#### Given records

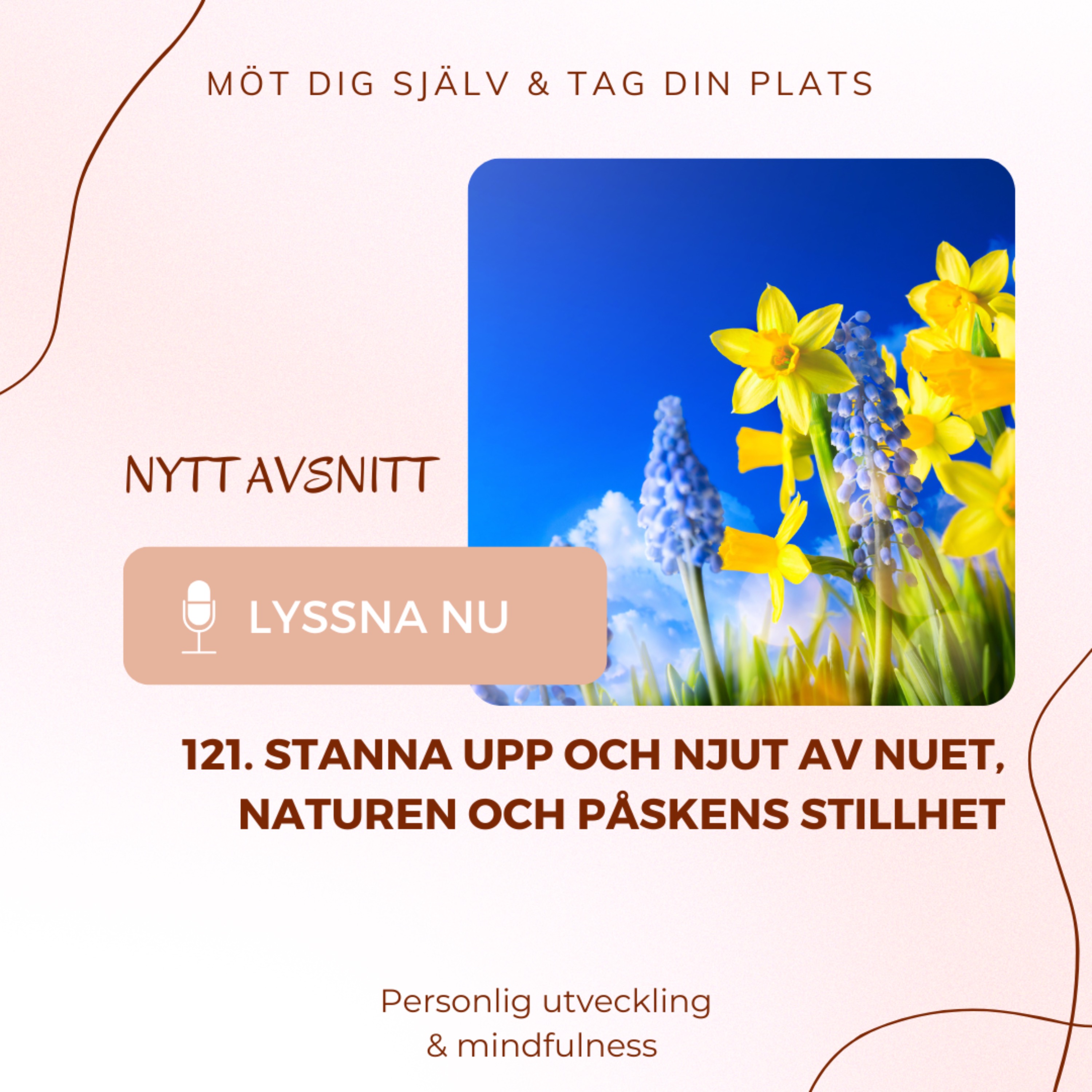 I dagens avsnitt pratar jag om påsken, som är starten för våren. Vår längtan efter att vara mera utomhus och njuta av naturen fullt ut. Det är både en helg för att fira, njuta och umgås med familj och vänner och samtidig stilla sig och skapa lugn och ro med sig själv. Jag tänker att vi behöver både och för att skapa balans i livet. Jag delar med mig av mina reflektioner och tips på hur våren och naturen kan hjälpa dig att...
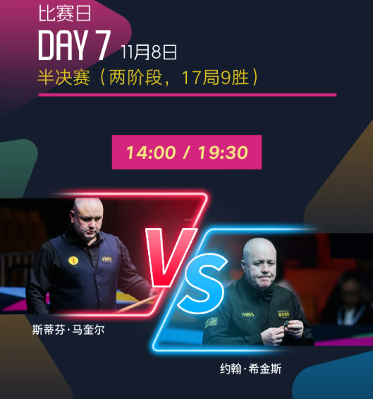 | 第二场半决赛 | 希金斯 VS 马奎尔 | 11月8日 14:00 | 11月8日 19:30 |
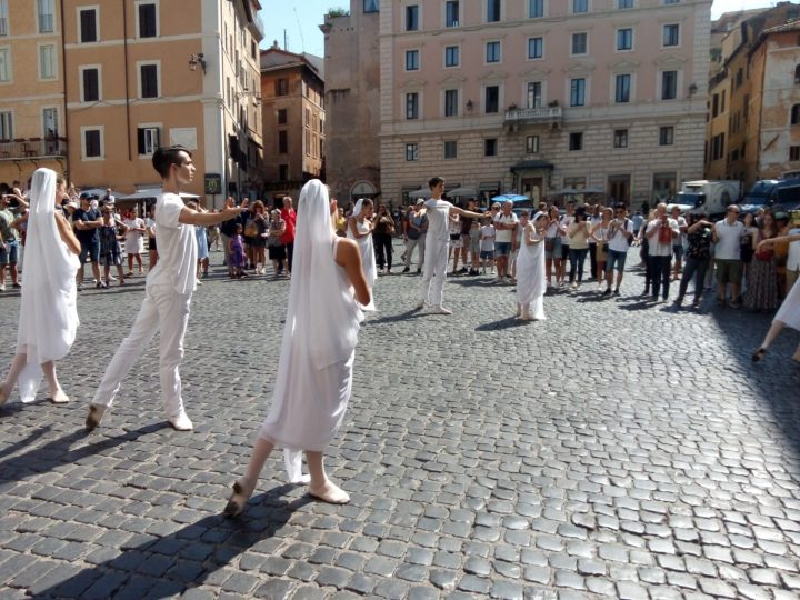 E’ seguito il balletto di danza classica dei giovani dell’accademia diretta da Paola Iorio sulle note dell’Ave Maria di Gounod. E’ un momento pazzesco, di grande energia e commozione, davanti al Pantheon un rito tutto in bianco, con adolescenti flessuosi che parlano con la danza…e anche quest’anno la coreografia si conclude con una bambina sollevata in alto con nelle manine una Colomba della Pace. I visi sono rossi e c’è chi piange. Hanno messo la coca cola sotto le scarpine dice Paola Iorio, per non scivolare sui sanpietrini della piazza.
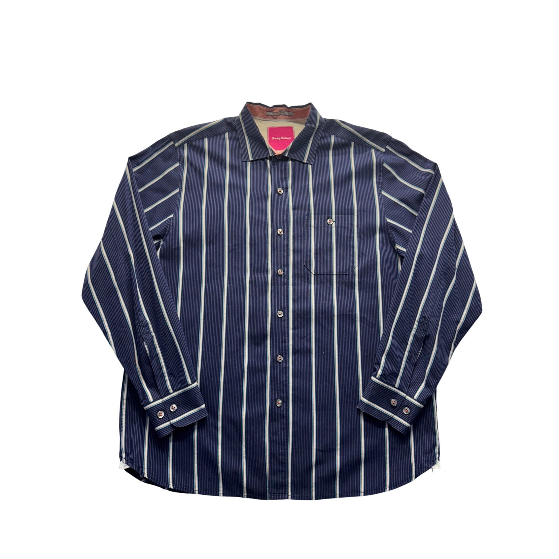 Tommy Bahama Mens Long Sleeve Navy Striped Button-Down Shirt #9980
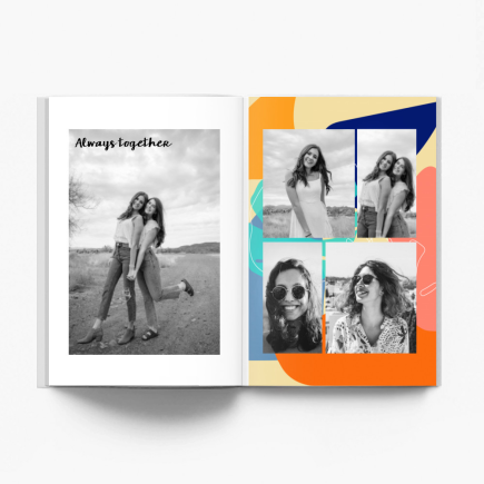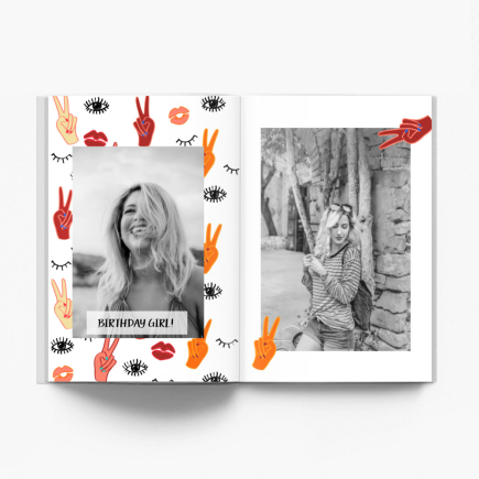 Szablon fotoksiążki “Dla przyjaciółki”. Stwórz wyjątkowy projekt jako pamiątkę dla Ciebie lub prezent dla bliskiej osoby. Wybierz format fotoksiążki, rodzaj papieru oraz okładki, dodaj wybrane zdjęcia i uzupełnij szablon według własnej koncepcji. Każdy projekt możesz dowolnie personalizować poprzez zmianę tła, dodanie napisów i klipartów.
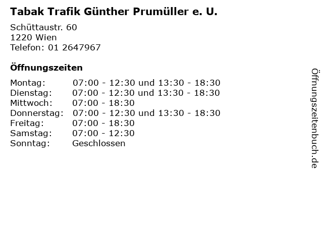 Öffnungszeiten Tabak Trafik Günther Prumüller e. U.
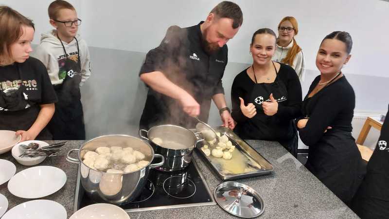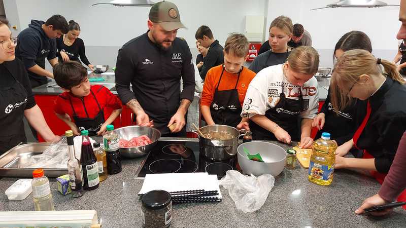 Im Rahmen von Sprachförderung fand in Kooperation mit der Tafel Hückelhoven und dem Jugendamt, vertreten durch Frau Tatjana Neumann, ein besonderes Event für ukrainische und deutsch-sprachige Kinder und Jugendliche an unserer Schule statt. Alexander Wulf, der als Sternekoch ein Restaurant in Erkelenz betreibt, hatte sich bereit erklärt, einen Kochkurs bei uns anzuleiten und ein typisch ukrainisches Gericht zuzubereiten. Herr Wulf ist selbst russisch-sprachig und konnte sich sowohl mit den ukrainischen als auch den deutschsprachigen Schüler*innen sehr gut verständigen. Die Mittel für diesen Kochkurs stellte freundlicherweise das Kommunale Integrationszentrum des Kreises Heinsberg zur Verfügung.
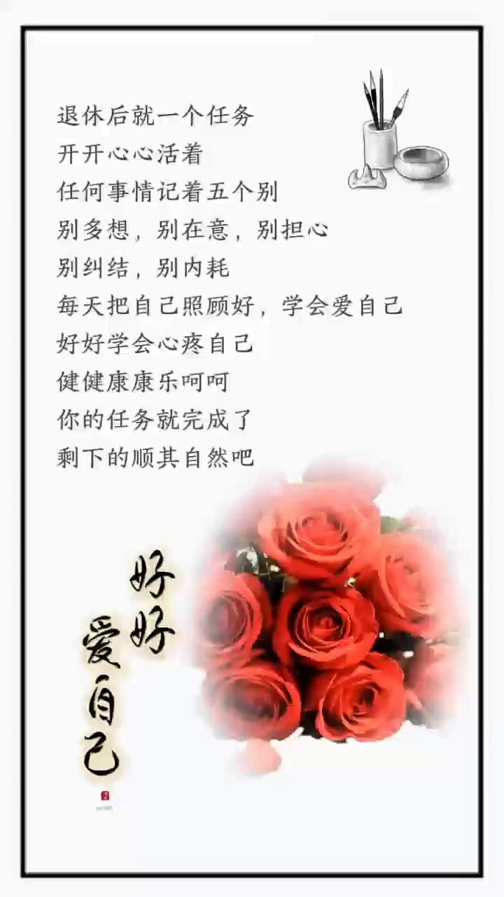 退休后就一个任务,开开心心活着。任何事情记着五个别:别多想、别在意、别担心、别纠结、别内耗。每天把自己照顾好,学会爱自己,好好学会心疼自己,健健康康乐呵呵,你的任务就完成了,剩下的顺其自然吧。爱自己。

########
#### Given records

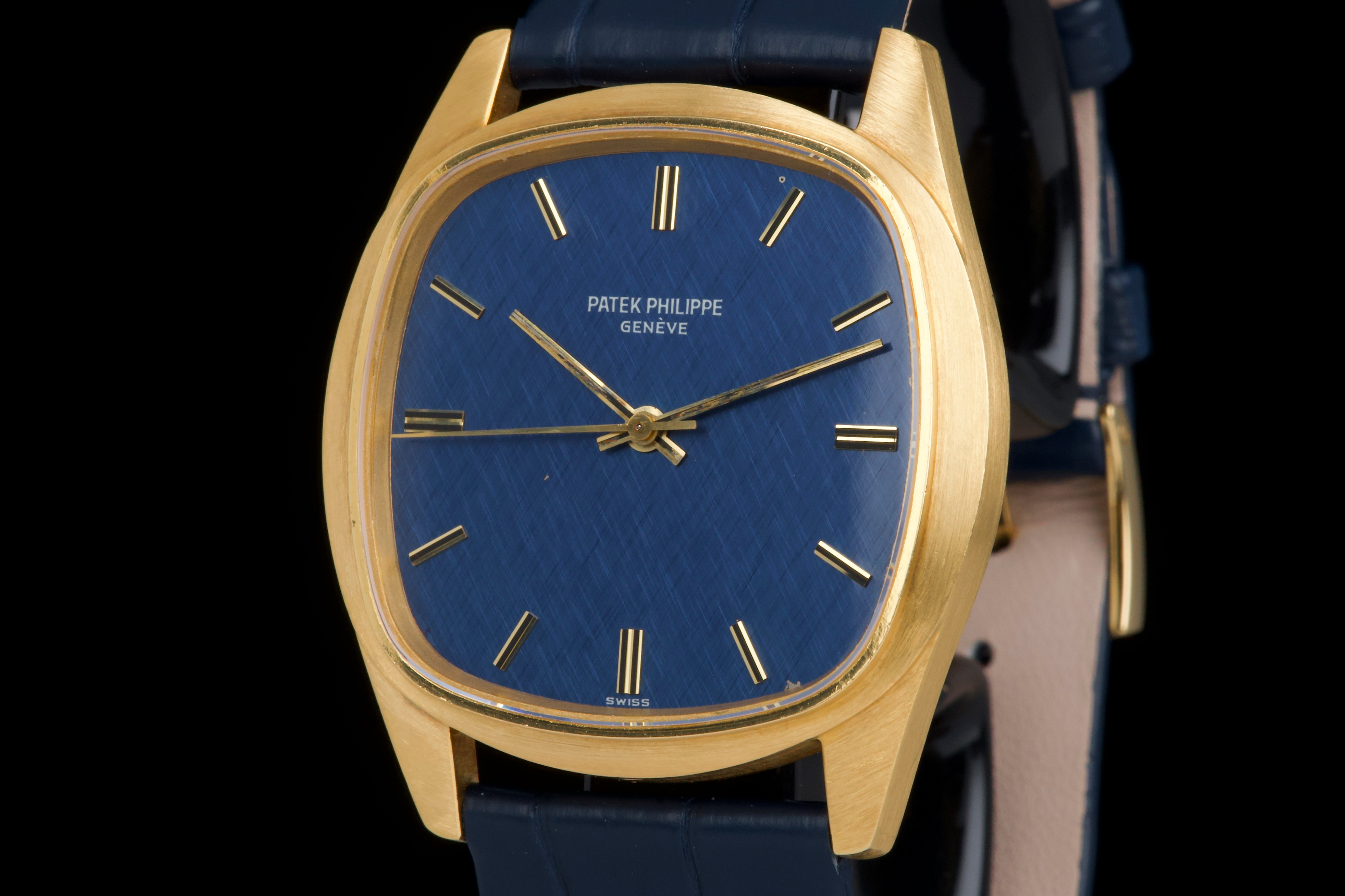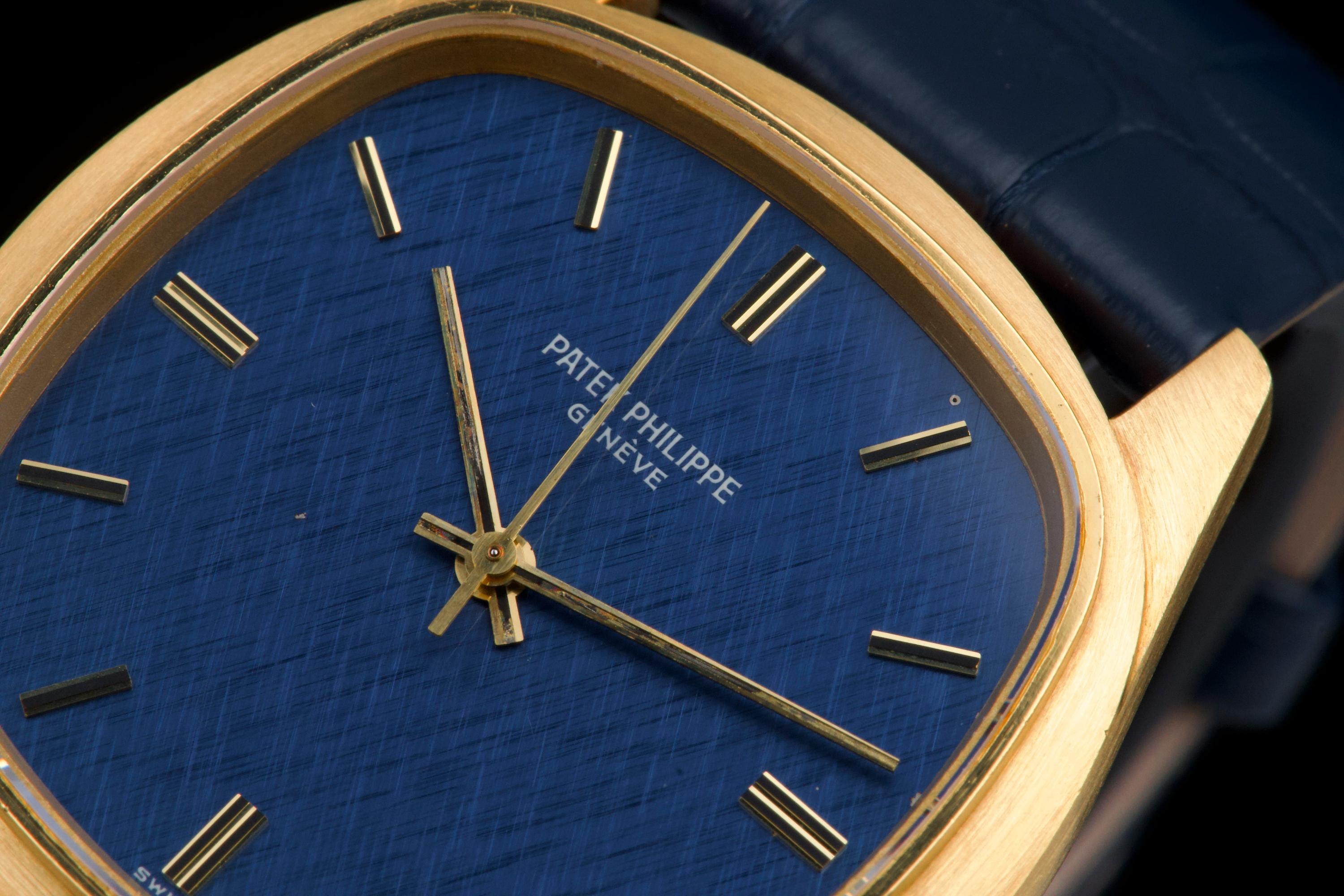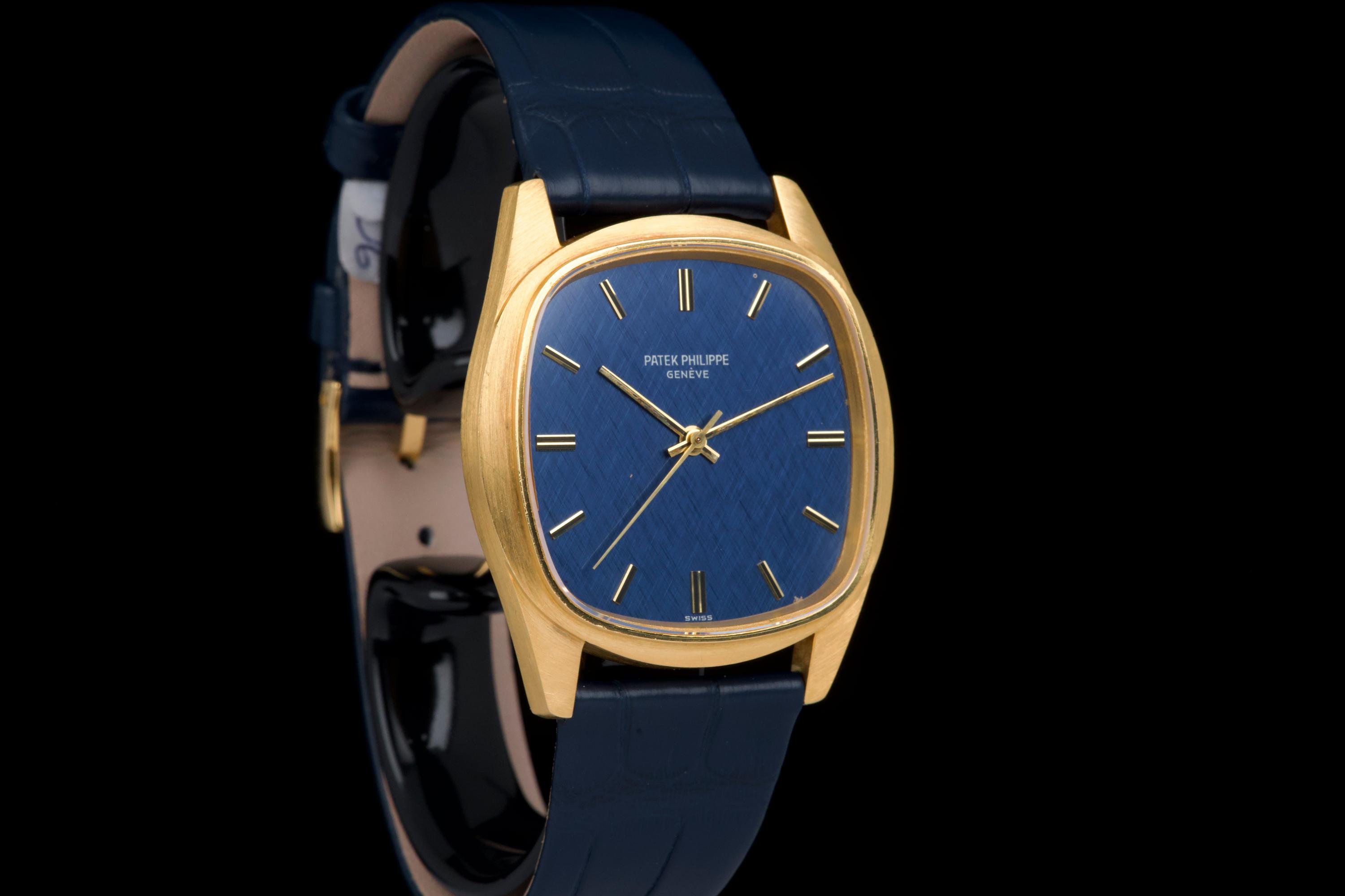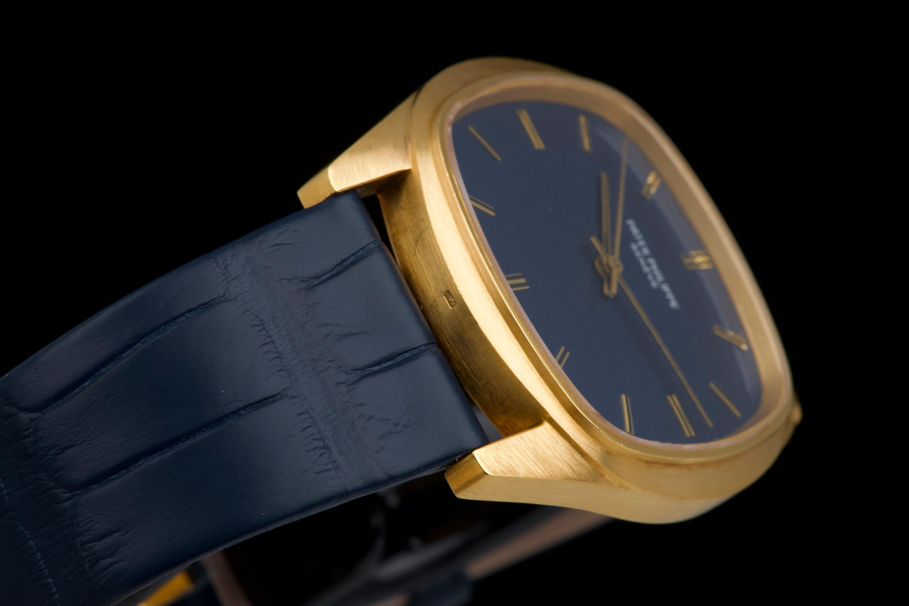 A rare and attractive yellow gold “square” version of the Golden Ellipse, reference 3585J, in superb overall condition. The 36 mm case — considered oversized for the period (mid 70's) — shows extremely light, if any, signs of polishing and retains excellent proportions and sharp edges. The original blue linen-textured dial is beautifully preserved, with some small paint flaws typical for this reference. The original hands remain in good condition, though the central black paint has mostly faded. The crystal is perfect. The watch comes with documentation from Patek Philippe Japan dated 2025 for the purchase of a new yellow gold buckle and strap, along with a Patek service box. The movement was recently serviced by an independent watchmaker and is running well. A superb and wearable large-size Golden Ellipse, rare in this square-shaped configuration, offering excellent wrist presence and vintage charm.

########
#### Given records

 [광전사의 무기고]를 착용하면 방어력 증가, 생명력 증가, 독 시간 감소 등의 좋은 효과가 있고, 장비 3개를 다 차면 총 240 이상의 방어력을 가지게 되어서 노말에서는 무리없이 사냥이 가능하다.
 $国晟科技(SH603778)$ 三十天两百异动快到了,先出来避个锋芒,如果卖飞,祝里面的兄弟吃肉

########

In the records above, everything from the line with "I dagens avsnitt" down to the line with "11月8日 19:30 |" is to be set down exactly, both ends included, with no pictures and no other lines.

> [Response to the task]:
 I dagens avsnitt pratar jag om påsken, som är starten för våren. Vår längtan efter att vara mera utomhus och njuta av naturen fullt ut. Det är både en helg för att fira, njuta och umgås med familj och vänner och samtidig stilla sig och skapa lugn och ro med sig själv. Jag tänker att vi behöver både och för att skapa balans i livet. Jag delar med mig av mina reflektioner och tips på hur våren och naturen kan hjälpa dig att...
 | 第二场半决赛 | 希金斯 VS 马奎尔 | 11月8日 14:00 | 11月8日 19:30 |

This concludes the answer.